Call Girls Service Jaipur {9521753030 } ❤️VVIP BHAWNA Call Girl in Jaipur Raj...
 

HYPOTHYROIDISM.pptx

  • 2. THE THYROID GLAND • It secretes predominantly thyroxine (T4) and only a small amount of triiodothyronine (T3); approximately 85% of T3 in blood is produced from T4 by a family of monodeiodinase enzymes. • Production of T3 and T4 in the thyroid is stimulated by thyrotrophin (TSH), a glycoprotein released from the thyrotroph cells of the anterior pituitary in response to the hypothalamic thyrotrophin- releasing hormone (TRH).
  • 3. HYPOTHYROIDISM • Women are affected approximately six times more frequently than men.
  • 4.
  • 5. • A consequence of prolonged hypothyroidism is the infiltration of many body tissues by the mucopolysaccharides, hyaluronic acid and chondroitin sulphate, resulting in a low-pitched voice, poor hearing, slurred speech due to a large tongue, and compression of the median nerve at the wrist (carpal tunnel syndrome). Infiltration of the dermis gives rise to nonpitting oedema (myxedema).
  • 6. Signs and Symptoms: • Common: Weight gain, Cold intolerance, Fatigue, Somnolence, Dry skin, Menorrhagia. • Less Common: Constipation, Hoarseness, Carpal tunnel syndrome, Alopecia, Aches and pains, Muscle stiffness, Deafness, Depression, Anaemia, Dermal myxoedema, Infertility. • Rare: Psychosis (myxoedema madness), Galactorrhoea, Impotence, Ileus, ascites, Pericardial and pleural effusions, Cerebellar ataxia, Myotonia.
  • 7. Investigations: • Serum T4 is low and TSH is elevated, usually in excess of 20 mU/L. Measurements of serum T3 are unhelpful since they do not discriminate reliably between euthyroidism and hypothyroidism. • Secondary hypothyroidism is rare and is caused by failure of TSH secretion in an individual with hypothalamic or anterior pituitary disease. • In prolonged hypothyroidism, the ECG demonstrates sinus bradycardia with low-voltage complexes and ST segment and T-wave abnormalities. • Measurement of thyroid peroxidase antibodies can also be helpful.

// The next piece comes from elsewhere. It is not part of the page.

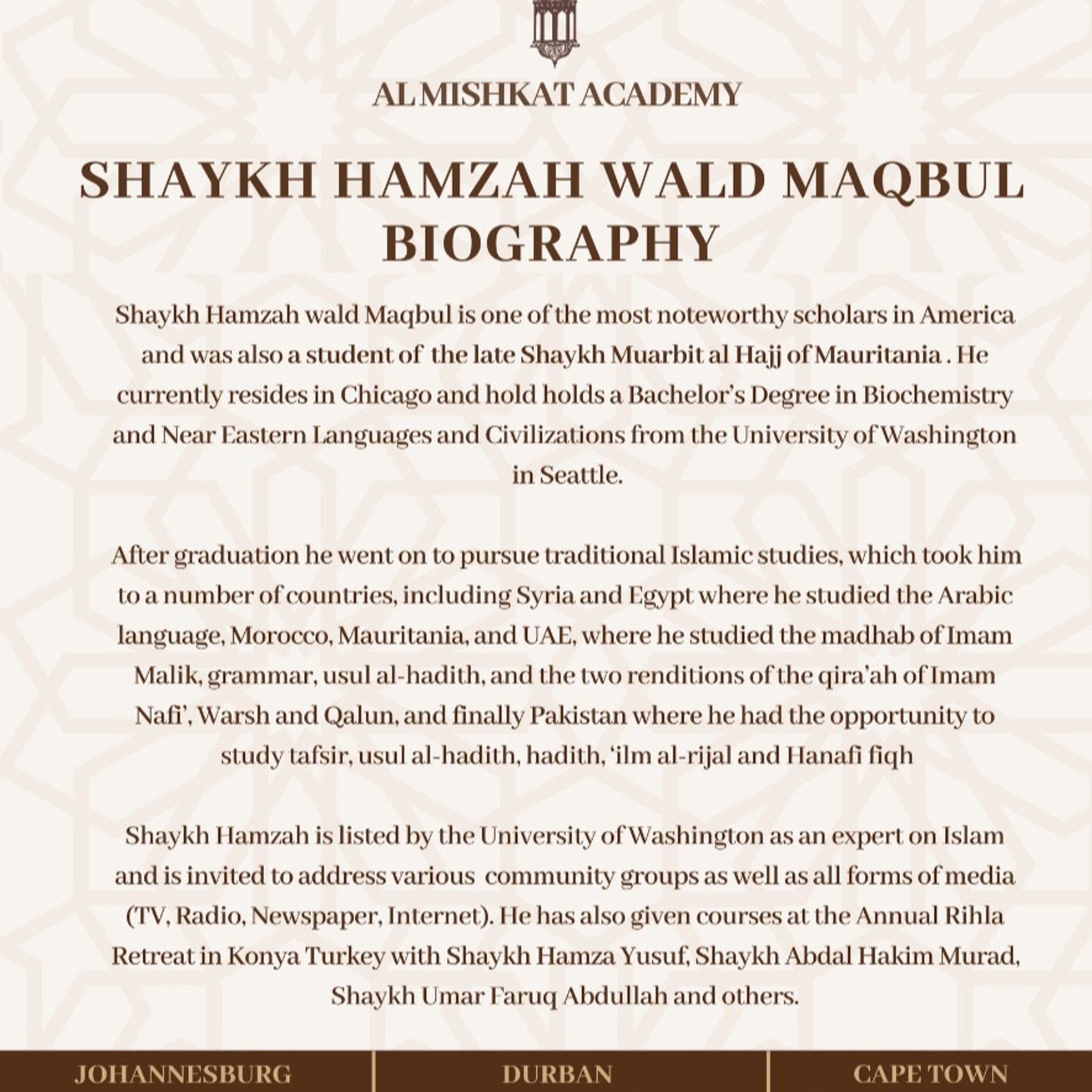 Shaykh Hamzah Wald Maqbul (USA)

  • 8. Non specific laboratory abnormalities: • Serum enzymes: raisedcreatine kinase, aspartate aminotransferase, lactate dehydrogenase (LDH). • Hypercholesterolaemia. • Anaemia: normochromic normocytic or macrocytic. • Hyponatraemia.
  • 9. Management: • Treatment is with levothyroxine replacement. • It is customary to start with a low dose of 50 µg per day for 3 weeks, increasing thereafter to 100 µg per day for a further 3 weeks and finally to a maintenance dose of 100–150 µg per day. • Levothyroxine has a half-life of 7 days so it should always be taken as a single daily dose and at least 6 weeks should pass before repeating thyroid function tests and adjusting the dose, usually by 25 µg per day. • Levothyroxine absorption is maximal when the medication is taken before bed and may be further optimised by taking a vitamin C supplement.

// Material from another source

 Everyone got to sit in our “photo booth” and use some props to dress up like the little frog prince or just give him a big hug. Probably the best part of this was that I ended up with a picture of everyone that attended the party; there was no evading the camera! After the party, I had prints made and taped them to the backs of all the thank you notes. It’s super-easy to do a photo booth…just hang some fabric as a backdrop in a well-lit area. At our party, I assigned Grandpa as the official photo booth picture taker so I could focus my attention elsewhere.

  • 10. Hypothyroidism in pregnancy: • Most pregnant women with primary hypothyroidism require an increase in the dose of levothyroxine of approximately 25–50 µg daily to maintain normal TSH levels to avoid cognitive impairment in the foetus. • This may reflect increased metabolism of thyroxine by the placenta and increased serum thyroxine binding globulin during pregnancy.

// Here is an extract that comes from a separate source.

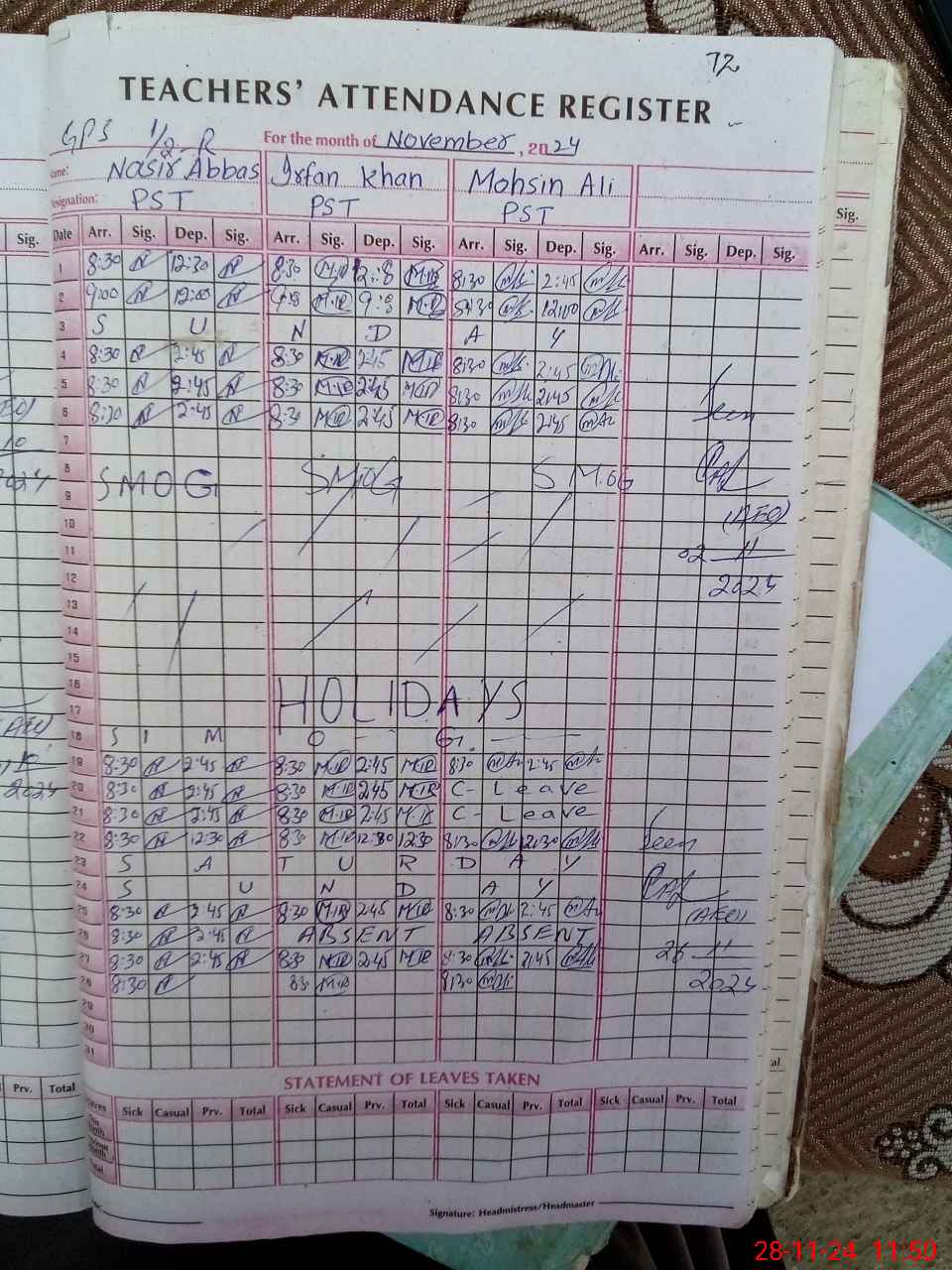 | CNIC | Full Name | Designation | R/C | Absence During Last Calender Month |

  • 11. Myxoedema Coma: • It is a rare presentation of hypothyroidism in which there is a depressed level of consciousness, usually in an elderly patient. • Body temperature may be as low as 25°C, convulsions are not uncommon and CSF pressure and protein content are raised. • It is a medical emergency and suspected cases should be treated with an intravenous injection of 20 µg triiodothyronine, followed by further injections of 20 µg 3 times daily until there is sustained clinical improvement.